§ Supplied material
Start of Block

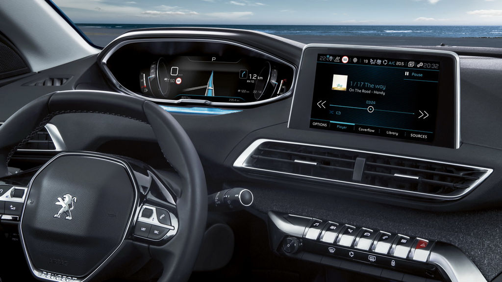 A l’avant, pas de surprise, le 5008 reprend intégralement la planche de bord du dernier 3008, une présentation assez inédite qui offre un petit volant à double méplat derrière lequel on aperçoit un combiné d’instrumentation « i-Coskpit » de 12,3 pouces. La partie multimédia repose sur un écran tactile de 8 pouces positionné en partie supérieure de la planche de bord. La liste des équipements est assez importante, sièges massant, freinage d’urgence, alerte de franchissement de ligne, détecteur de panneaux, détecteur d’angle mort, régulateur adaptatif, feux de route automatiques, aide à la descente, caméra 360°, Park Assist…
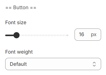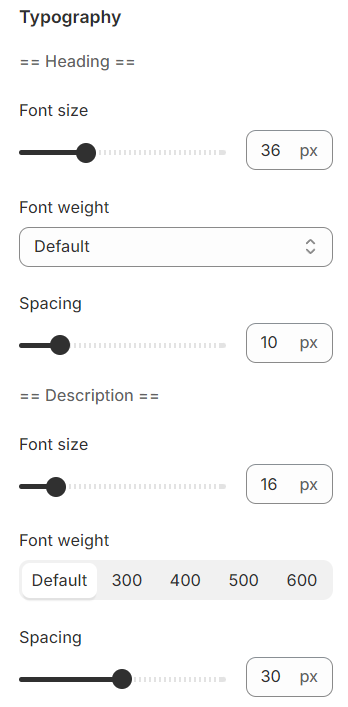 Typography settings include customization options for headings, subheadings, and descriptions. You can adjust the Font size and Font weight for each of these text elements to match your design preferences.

End of Block
Start of Block

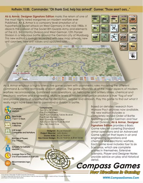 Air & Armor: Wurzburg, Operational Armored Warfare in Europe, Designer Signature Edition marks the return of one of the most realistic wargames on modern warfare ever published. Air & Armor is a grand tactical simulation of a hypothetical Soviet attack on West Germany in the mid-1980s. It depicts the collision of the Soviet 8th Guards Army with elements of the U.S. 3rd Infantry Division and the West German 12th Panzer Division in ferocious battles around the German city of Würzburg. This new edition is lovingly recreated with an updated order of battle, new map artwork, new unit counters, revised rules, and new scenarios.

End of Block

§ Goal of the exercise
In the data above, retype only the stretch from the line with "A l’avant, pas" through the line with "Typography settings include", word for word, and skip any pictures.

§ Response
 A l’avant, pas de surprise, le 5008 reprend intégralement la planche de bord du dernier 3008, une présentation assez inédite qui offre un petit volant à double méplat derrière lequel on aperçoit un combiné d’instrumentation « i-Coskpit » de 12,3 pouces. La partie multimédia repose sur un écran tactile de 8 pouces positionné en partie supérieure de la planche de bord. La liste des équipements est assez importante, sièges massant, freinage d’urgence, alerte de franchissement de ligne, détecteur de panneaux, détecteur d’angle mort, régulateur adaptatif, feux de route automatiques, aide à la descente, caméra 360°, Park Assist…
 Typography settings include customization options for headings, subheadings, and descriptions. You can adjust the Font size and Font weight for each of these text elements to match your design preferences.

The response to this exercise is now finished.